• **Given information**

Content starts

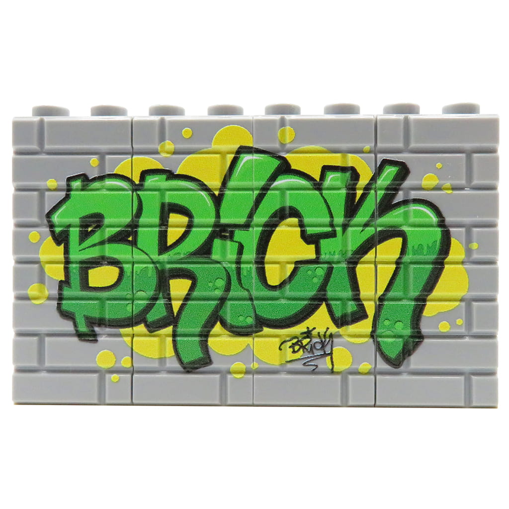 Graffiti "Brick" in green is our original custom print, made on 16 grey 1x2 LEGO® bricks. Designed and printed in our studio using professional UV printing technology. A durable, high-quality custom print that transforms ordinary LEGO® bricks into custom parts. Perfect for fans of personalization, distinctive designs, and creative builds using custom pieces.
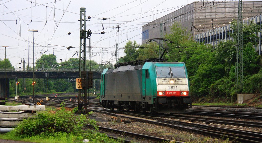 Die Cobra 2821 kommt als Lokzug aus Belgien und fährt in Aachen-West ein bei Regenstimmung am Abend des 17.5.2013.
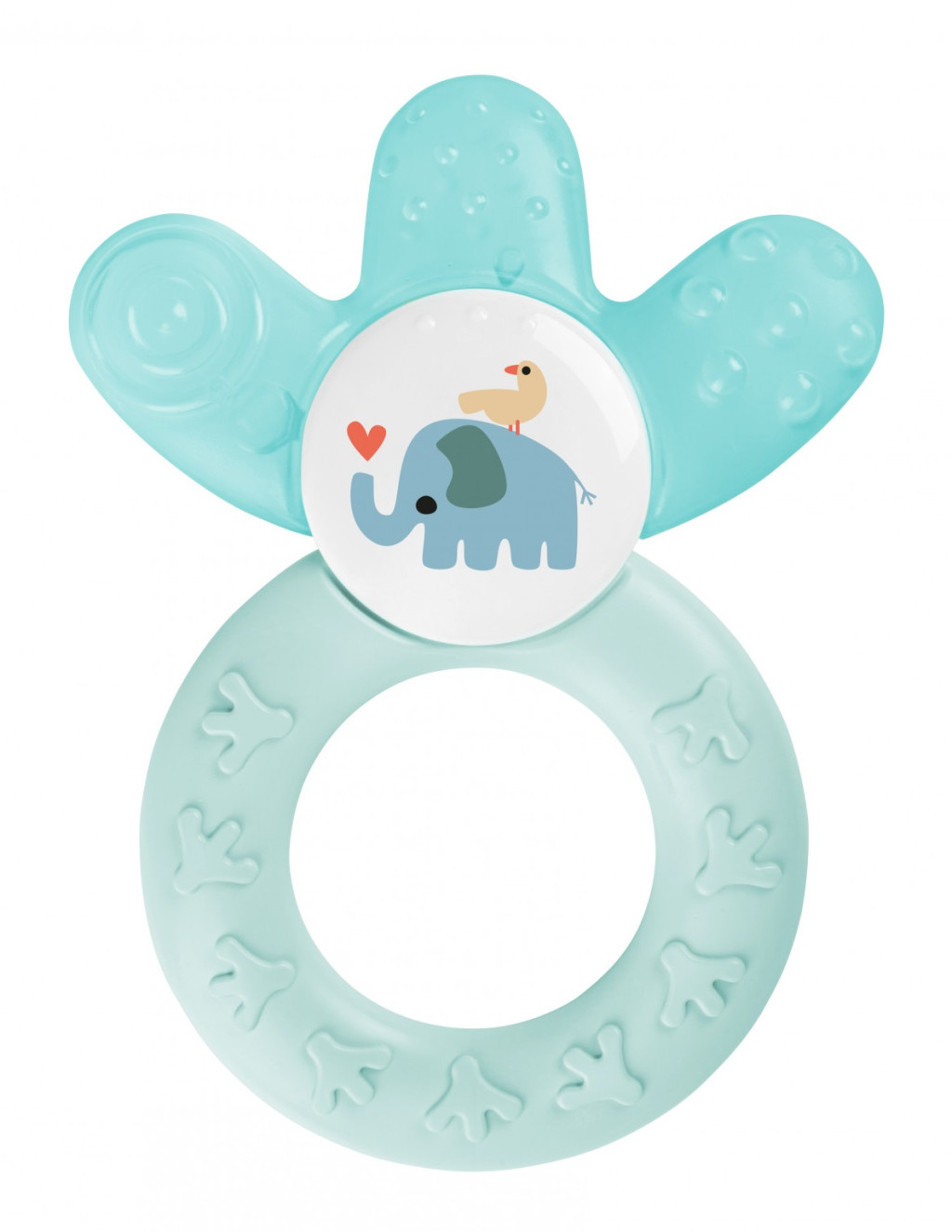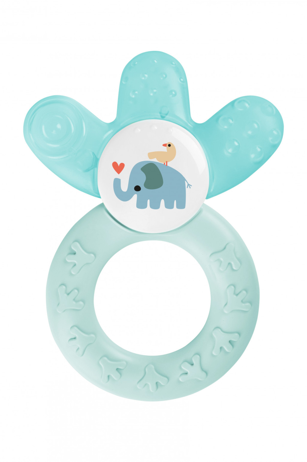 Az egyedülálló forma tökéletesen elér a hátsó fogakhoz. Hűt és nyugtat. A kiemelkedések masszírozzák az érzékeny ínyt.
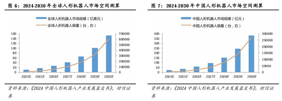 2)中国在人形机器人赛道潜力十足。依托于政府的战略引导和制度保障、坚实的产业链基础、巨大的内需市场和强大的技术研发实力,根据GGII预测,中国在人形机器人赛道的年均增速将高于全球平均水平,2024年中国人形机器人市场规模为21.58亿元,到2030年将达到近380亿元,2024-2030年CAGR将超过61%,中国人形机器人销量将从0.40万台左右增长至27.12万台。

Content ends

• **How to complete this task**
Extract the run of lines from the line holding "Az egyedülálló forma" through the final line of the material above, exactly and inclusively. Leave the pictures behind.

• **Expected answer**
 Az egyedülálló forma tökéletesen elér a hátsó fogakhoz. Hűt és nyugtat. A kiemelkedések masszírozzák az érzékeny ínyt.
 2)中国在人形机器人赛道潜力十足。依托于政府的战略引导和制度保障、坚实的产业链基础、巨大的内需市场和强大的技术研发实力,根据GGII预测,中国在人形机器人赛道的年均增速将高于全球平均水平,2024年中国人形机器人市场规模为21.58亿元,到2030年将达到近380亿元,2024-2030年CAGR将超过61%,中国人形机器人销量将从0.40万台左右增长至27.12万台。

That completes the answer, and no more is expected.